Case Studies

Abstract

We present a number of non-trivial, linear and nonlinear examples of initial boundary value and time-periodic parabolic partial differential equations. Each problem is solved with the appropriate variant of the multigrid waveform relaxation method as well as with “the best” standard parabolic solver. The differences in performance are explained and the theoretical results obtained in the previous chapters are illustrated. It is shown that the waveform relaxation methods are competitive on sequential processors, and that they outperform the standard techniques on parallel machines. In particular we illustrate that on a 16-processor vector hypercube waveform relaxation can be faster than any of the standard approaches by a factor of ten up to forty.

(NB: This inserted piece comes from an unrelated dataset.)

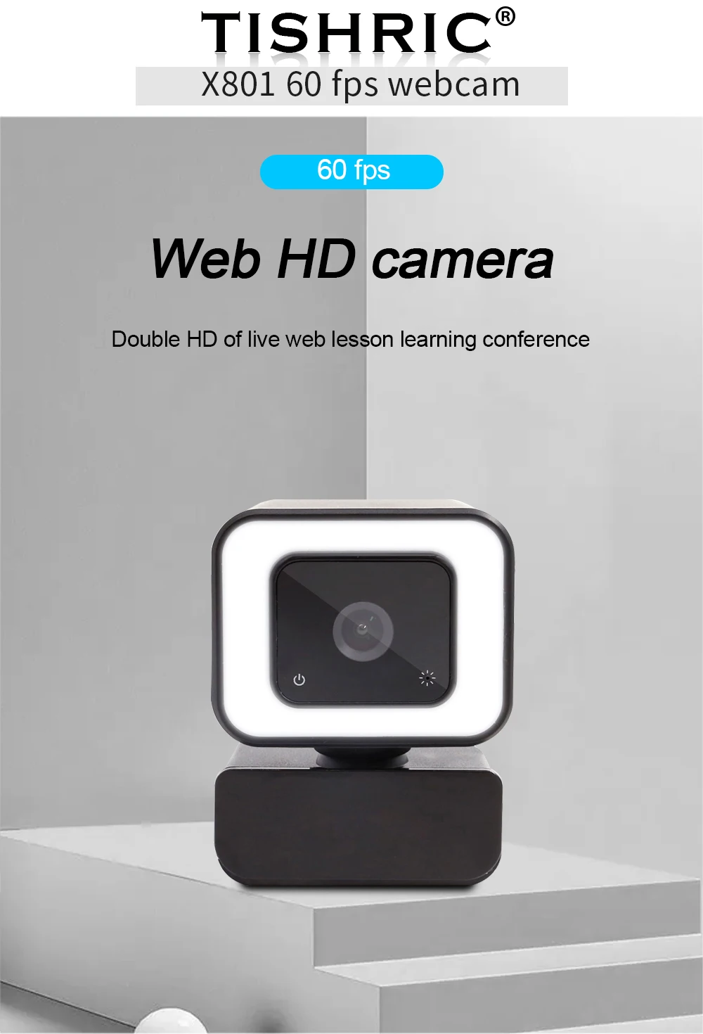 2. Параметры продукта. Название бренда: TISHRIC. Название продукта: X801 60 кадров веб-камера. Размер пикселя: 1920*1080. Вес изделия: 86 г. Размер изделия: 50 мм * 56 мм * 98 мм, F/NO.: 2,5 мм, EFL: 3,0 мм, FOV:90 °, IR :650 ± 10 нм, конструкция линз: 2P + 2G + IR, частота кадров: 60 кадров в секунду, Рабочая температура:-10 ° - 50 °, интерфейс: Type-C, передача Interace

Suppose you want to teach the “cat” concept to a very young child. Do you explain that a cat is a relatively small, primarily carnivorous mammal with retractile claws, a distinctive sonic output, etc.? I bet not. You probably show the kid a lot of different cats, saying “kitty” each time, until it gets the idea. To put it more generally, generalizations are best made by abstraction from experience.

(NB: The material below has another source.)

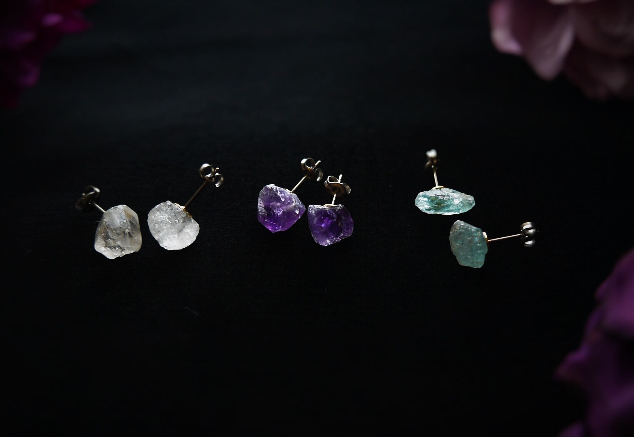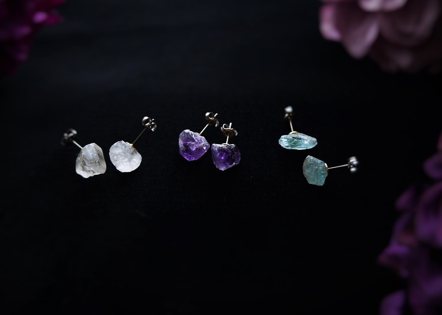 素材:天然石(水晶、アメジスト、アパタイト)、チタンポスト

—R.P. Boas, “Can we make mathematics intelligible” (Am. Math. Monthly 10, p. 727, Dec. 1981).

Although their work differs from the experimental research associated with, say, test tubes and noxious chemicals, mathematicians, like chemists and other researchers, often collect piles of data — whether prime numbers or diagrams of knots — before they can begin to extract and abstract the principles that account for their observations.

—I. Peterson, “Searching for new mathematics”, (SIAM Review Vol. 33, No. 1, pp. 37–42, March 1991).